It's really not as difficult as you may think:  If you know that

Sin[w+x] = Sin[w]Cos[x] + Cos[w]Sin[x]

then it seems perfectly natural to ask what this would be if w = y+z.
This gives:

Sin[(y+z)+x] = Sin[y+z]Cos[x] + Cos[y+z]Sin[x]

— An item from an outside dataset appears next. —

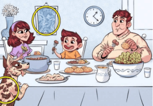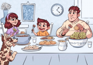 In this picture, there’s a family of three having lunch at a table. There’s a clock showing that it’s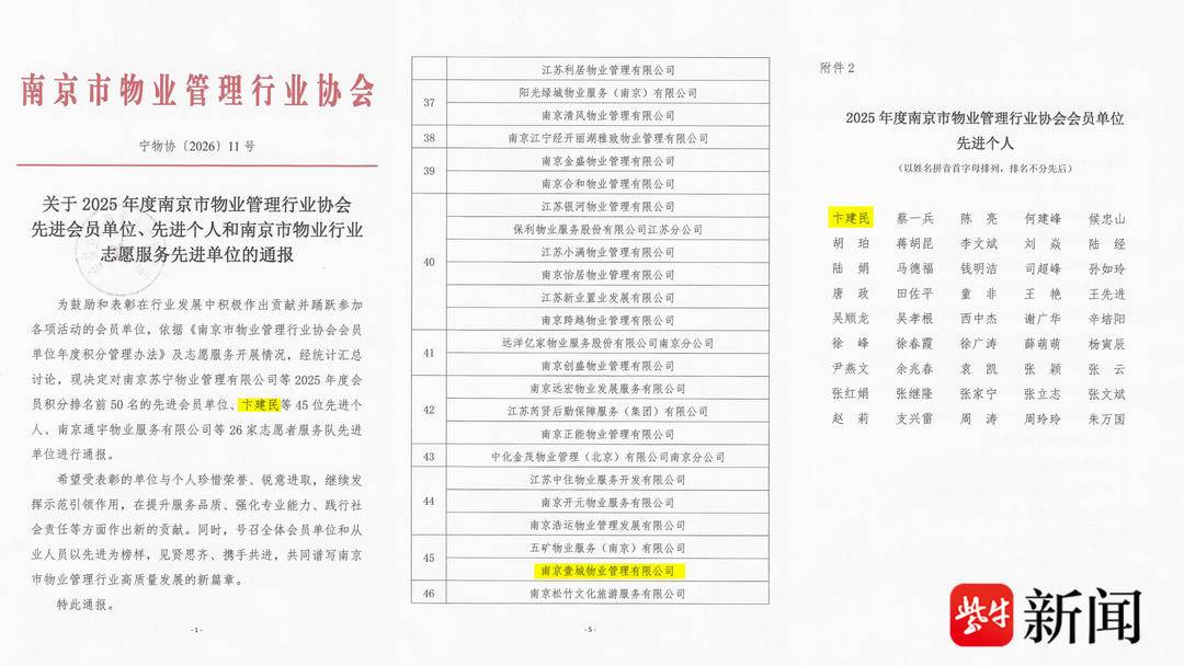 扬子晚报网2月13日讯(通讯员 杨凯丽 记者 张可)根据南京市物业管理(885915)行业协会《关于2025年度先进会员单位、先进个人和南京市物业行业志愿服务先进单位的通报》,壹城物业被授予“先进会员单位”称号,总经理卞建民获评“先进个人”。

Now, I leave it to you to further expand this expression, which is
fairly straightfoward.

In a similar vein, note that:

Cos[x]  = Cos[x]

Cos[2x] = Cos[x]^2 - Sin[x]^2
= Cos[x]^2 - (1-Cos[x]^2)
= 2 Cos[x]^2 - 1

Cos[3x] = Cos[x + 2x]
= Cos[x]Cos[2x] - Sin[x]Sin[2x]
= Cos[x](2 Cos[x]^2 - 1) - Sin[x](2 Sin[x]Cos[x])
= 2 Cos[x]^3 - Cos[x] - 2 Sin[x]^2 Cos[x]
= 2 Cos[x]^3 - Cos[x] - 2 (1-Cos[x]^2)Cos[x]
= 4 Cos[x]^3 - 3 Cos[x]

Cos[4x] = Cos[2x + 2x]
= 2 Cos[2x]^2 - 1
= 2 (2 Cos[x]^2 - 1)^2 - 1
= 2 (4 Cos[x]^4 - 4 Cos[x]^2 + 1) - 1
= 8 Cos[x]^4 - 8 Cos[x]^2 + 1

Apparently, we can always express Cos[kx] for any positive integer k
as some combination of powers of Cos[x].

Challenge 1 (easy):  Find Cos[5x], Cos[6x], Cos[7x] in terms of powers
of Cos[x].

Challenge 2 (medium):  Find Sin[kx] in terms of powers of Sin[x] for
integer values of k from 1 to 7.

Challenge 3 (hard):  Note that we can view Cos[kx] and Sin[kx] as
polynomials in terms of Cos[x] and Sin[x],
respectively.  From what you found in parts 1, 2,
is there a pattern in the coefficients of these
polynomials?  (Don't forget terms with
coefficient 0.)  Can you guess the pattern?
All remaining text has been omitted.